(RECORDS PROVIDED begins)

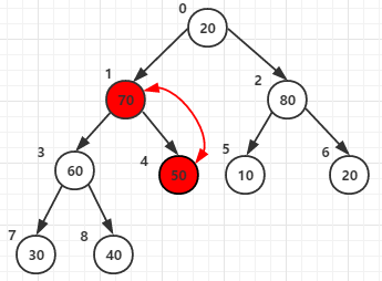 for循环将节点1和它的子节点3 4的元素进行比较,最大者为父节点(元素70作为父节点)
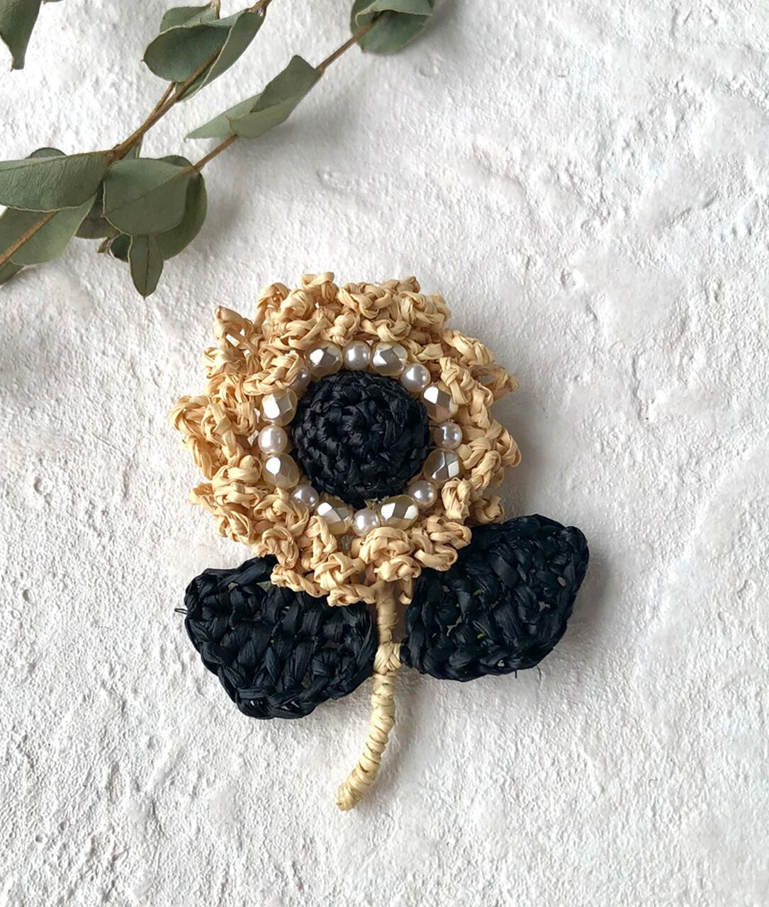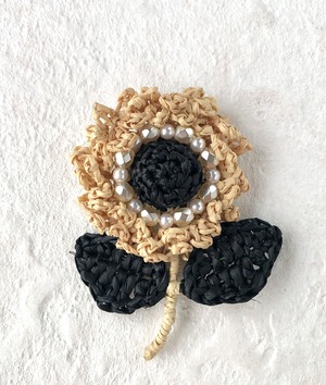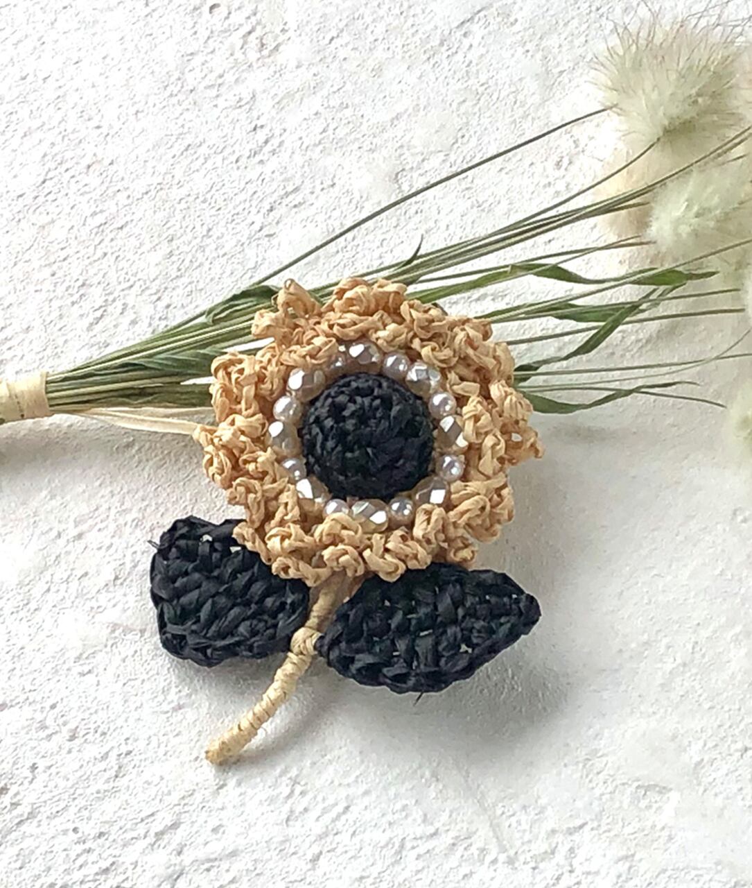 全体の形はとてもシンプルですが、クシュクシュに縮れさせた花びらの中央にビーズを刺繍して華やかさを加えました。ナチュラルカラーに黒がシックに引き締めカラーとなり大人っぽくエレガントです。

(RECORDS PROVIDED ends)
(RECORDS PROVIDED begins)

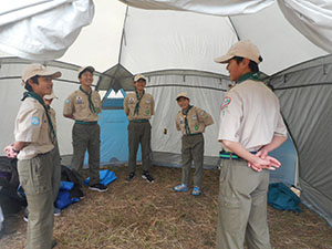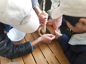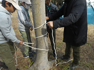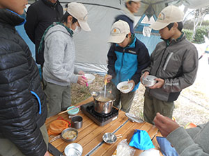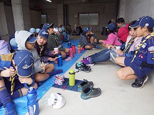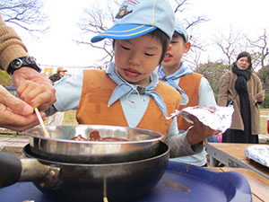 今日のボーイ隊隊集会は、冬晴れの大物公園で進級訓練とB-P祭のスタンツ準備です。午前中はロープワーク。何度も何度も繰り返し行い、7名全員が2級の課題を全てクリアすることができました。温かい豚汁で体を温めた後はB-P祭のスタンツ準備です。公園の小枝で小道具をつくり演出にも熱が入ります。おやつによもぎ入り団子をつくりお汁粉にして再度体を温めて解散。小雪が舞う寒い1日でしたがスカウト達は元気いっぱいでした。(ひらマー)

(RECORDS PROVIDED ends)
(RECORDS PROVIDED begins)

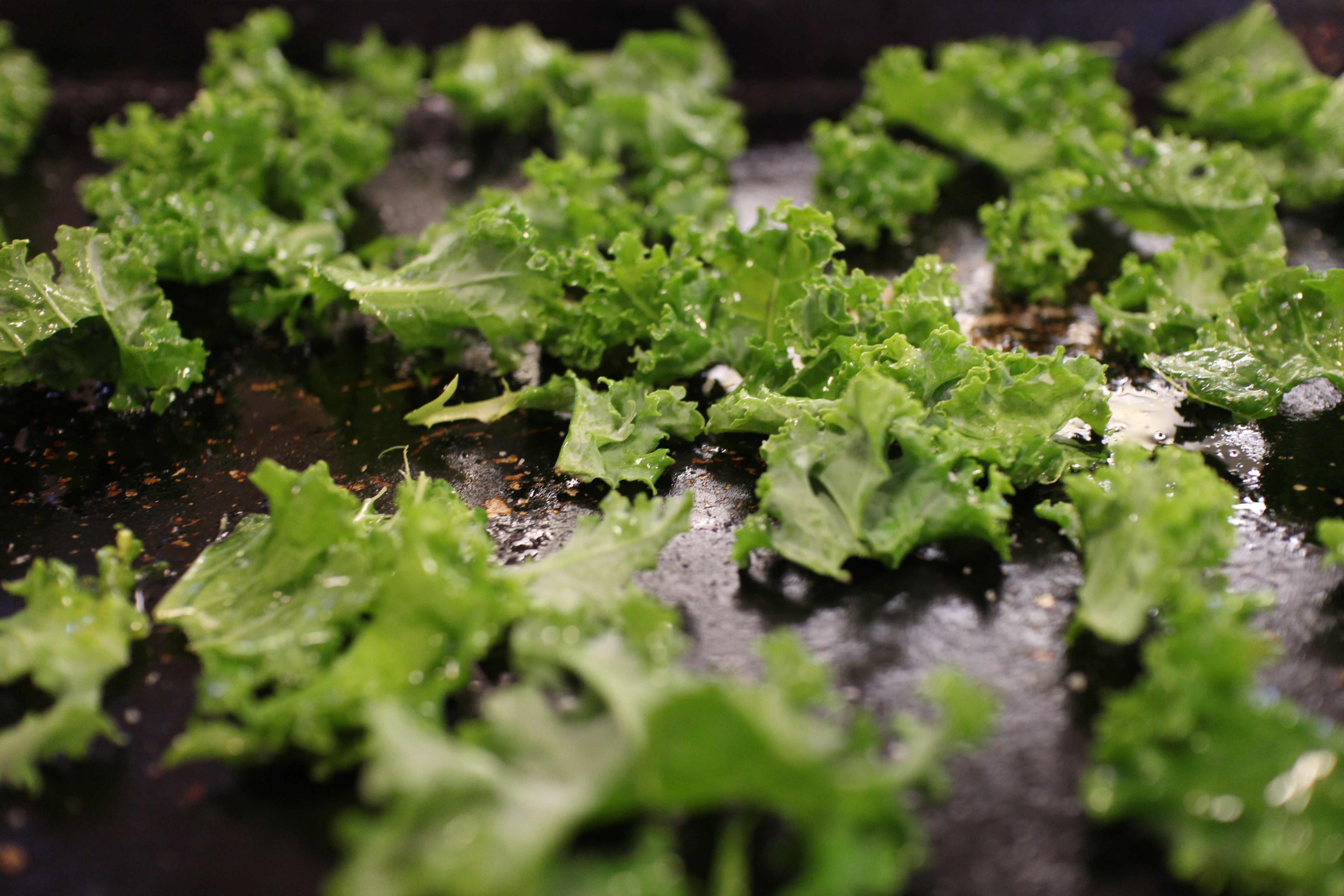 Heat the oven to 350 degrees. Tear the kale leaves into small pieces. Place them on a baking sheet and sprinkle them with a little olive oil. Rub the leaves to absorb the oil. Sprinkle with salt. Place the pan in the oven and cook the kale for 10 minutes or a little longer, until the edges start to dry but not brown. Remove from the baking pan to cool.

(RECORDS PROVIDED ends)

§ **WHAT YOU ARE ASKED TO DO**
To complete this exercise, transcribe exactly the lines above from the one that holds "for循环将节点1和它的子节" through the one that holds "全体の形はとてもシンプルです". Pictures stay out.

§ **ANSWER SECTION**
 for循环将节点1和它的子节点3 4的元素进行比较,最大者为父节点(元素70作为父节点)
 全体の形はとてもシンプルですが、クシュクシュに縮れさせた花びらの中央にビーズを刺繍して華やかさを加えました。ナチュラルカラーに黒がシックに引き締めカラーとなり大人っぽくエレガントです。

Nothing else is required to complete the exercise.